Restate word for word the lines below, from the one containing "A collection of" through the final line, with no pictures included.

Entries taken from a collection:
--- START ---

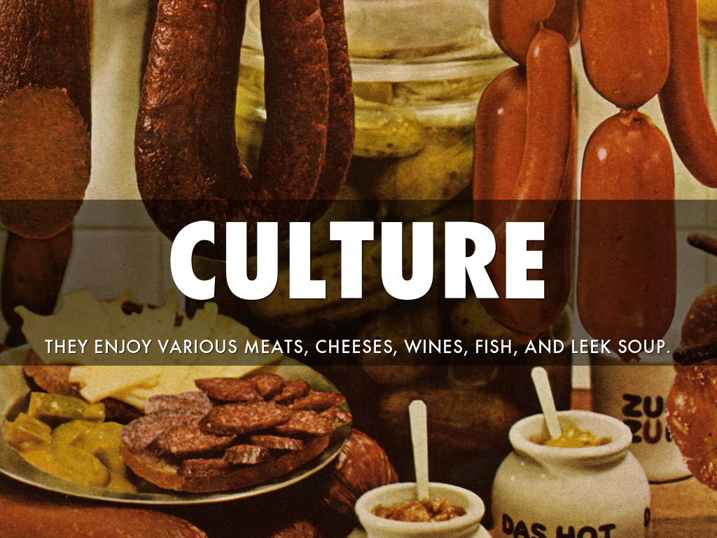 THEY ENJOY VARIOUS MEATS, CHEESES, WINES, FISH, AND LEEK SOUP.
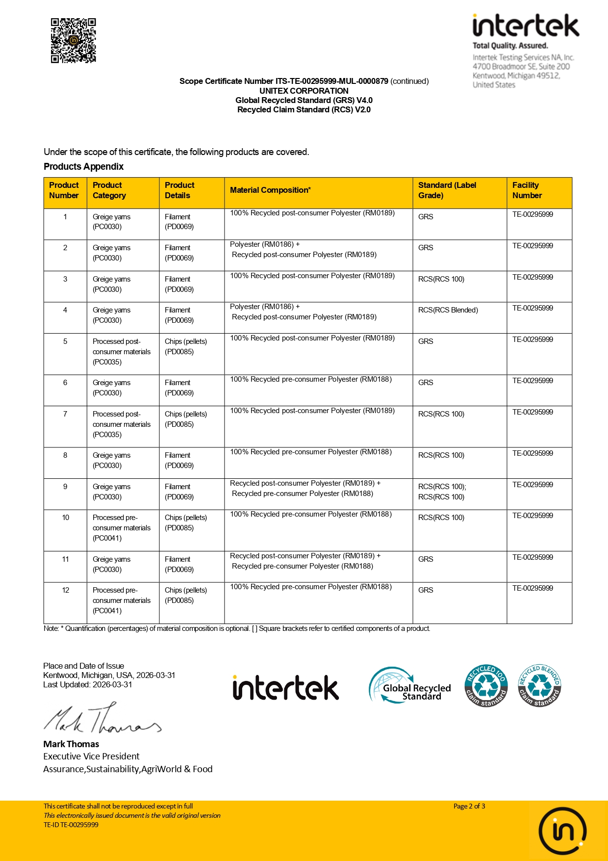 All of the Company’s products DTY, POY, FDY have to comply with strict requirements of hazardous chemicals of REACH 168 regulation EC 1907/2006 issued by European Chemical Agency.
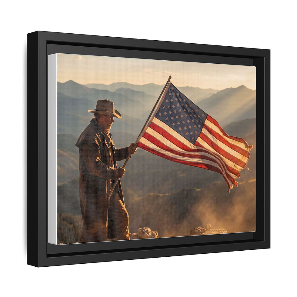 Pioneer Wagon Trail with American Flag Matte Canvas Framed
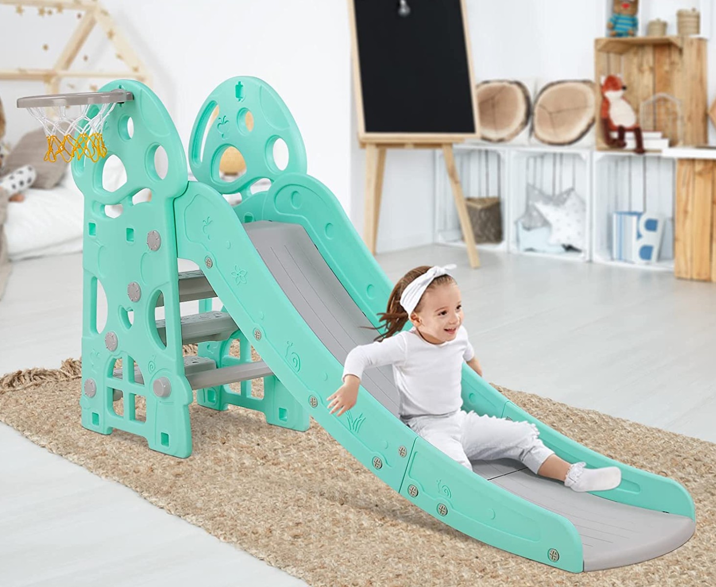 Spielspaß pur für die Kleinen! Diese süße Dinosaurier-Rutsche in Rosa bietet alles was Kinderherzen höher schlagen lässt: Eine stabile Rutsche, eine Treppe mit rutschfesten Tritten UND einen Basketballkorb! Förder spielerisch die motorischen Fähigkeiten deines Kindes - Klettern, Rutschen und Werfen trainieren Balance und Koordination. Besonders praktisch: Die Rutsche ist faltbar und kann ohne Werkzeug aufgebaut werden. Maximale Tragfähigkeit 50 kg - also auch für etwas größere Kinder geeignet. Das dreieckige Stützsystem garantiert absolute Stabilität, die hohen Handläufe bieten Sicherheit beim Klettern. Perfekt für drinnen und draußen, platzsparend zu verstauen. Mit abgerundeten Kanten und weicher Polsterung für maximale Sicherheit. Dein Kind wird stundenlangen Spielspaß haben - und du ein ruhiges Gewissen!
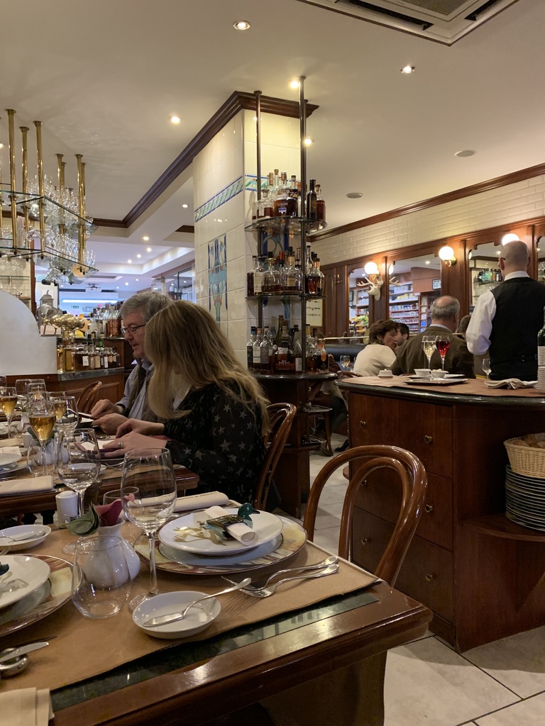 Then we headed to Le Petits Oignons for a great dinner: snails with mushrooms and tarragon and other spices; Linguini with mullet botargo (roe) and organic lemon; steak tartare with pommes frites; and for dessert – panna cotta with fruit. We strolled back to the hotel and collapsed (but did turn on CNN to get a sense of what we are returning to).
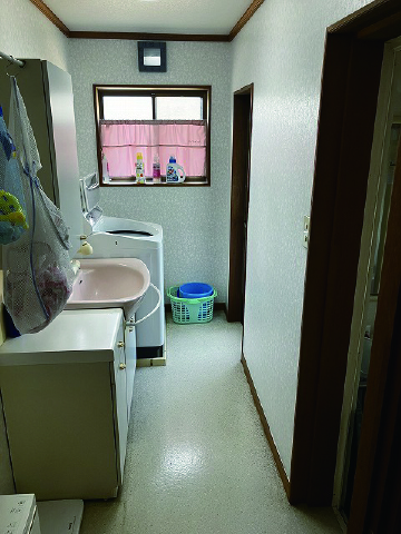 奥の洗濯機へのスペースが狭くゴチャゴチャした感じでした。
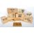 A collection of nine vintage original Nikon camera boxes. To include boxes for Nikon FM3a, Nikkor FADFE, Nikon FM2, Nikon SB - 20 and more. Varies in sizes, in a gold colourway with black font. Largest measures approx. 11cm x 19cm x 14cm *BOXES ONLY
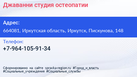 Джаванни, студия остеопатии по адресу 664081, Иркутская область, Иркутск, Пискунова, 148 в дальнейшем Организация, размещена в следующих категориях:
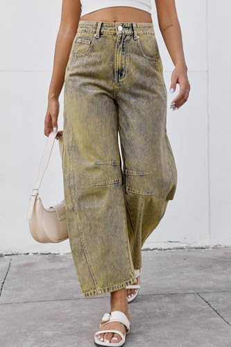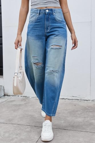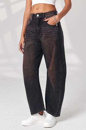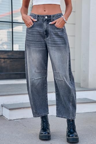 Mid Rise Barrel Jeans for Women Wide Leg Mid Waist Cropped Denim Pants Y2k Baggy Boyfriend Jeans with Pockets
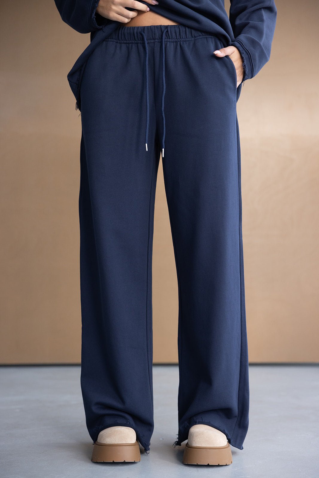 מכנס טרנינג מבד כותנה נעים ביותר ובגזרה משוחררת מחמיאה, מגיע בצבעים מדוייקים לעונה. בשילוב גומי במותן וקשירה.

--- END ---

Finished exercise >>
 A collection of nine vintage original Nikon camera boxes. To include boxes for Nikon FM3a, Nikkor FADFE, Nikon FM2, Nikon SB - 20 and more. Varies in sizes, in a gold colourway with black font. Largest measures approx. 11cm x 19cm x 14cm *BOXES ONLY
 Джаванни, студия остеопатии по адресу 664081, Иркутская область, Иркутск, Пискунова, 148 в дальнейшем Организация, размещена в следующих категориях:
 Mid Rise Barrel Jeans for Women Wide Leg Mid Waist Cropped Denim Pants Y2k Baggy Boyfriend Jeans with Pockets
 מכנס טרנינג מבד כותנה נעים ביותר ובגזרה משוחררת מחמיאה, מגיע בצבעים מדוייקים לעונה. בשילוב גומי במותן וקשירה.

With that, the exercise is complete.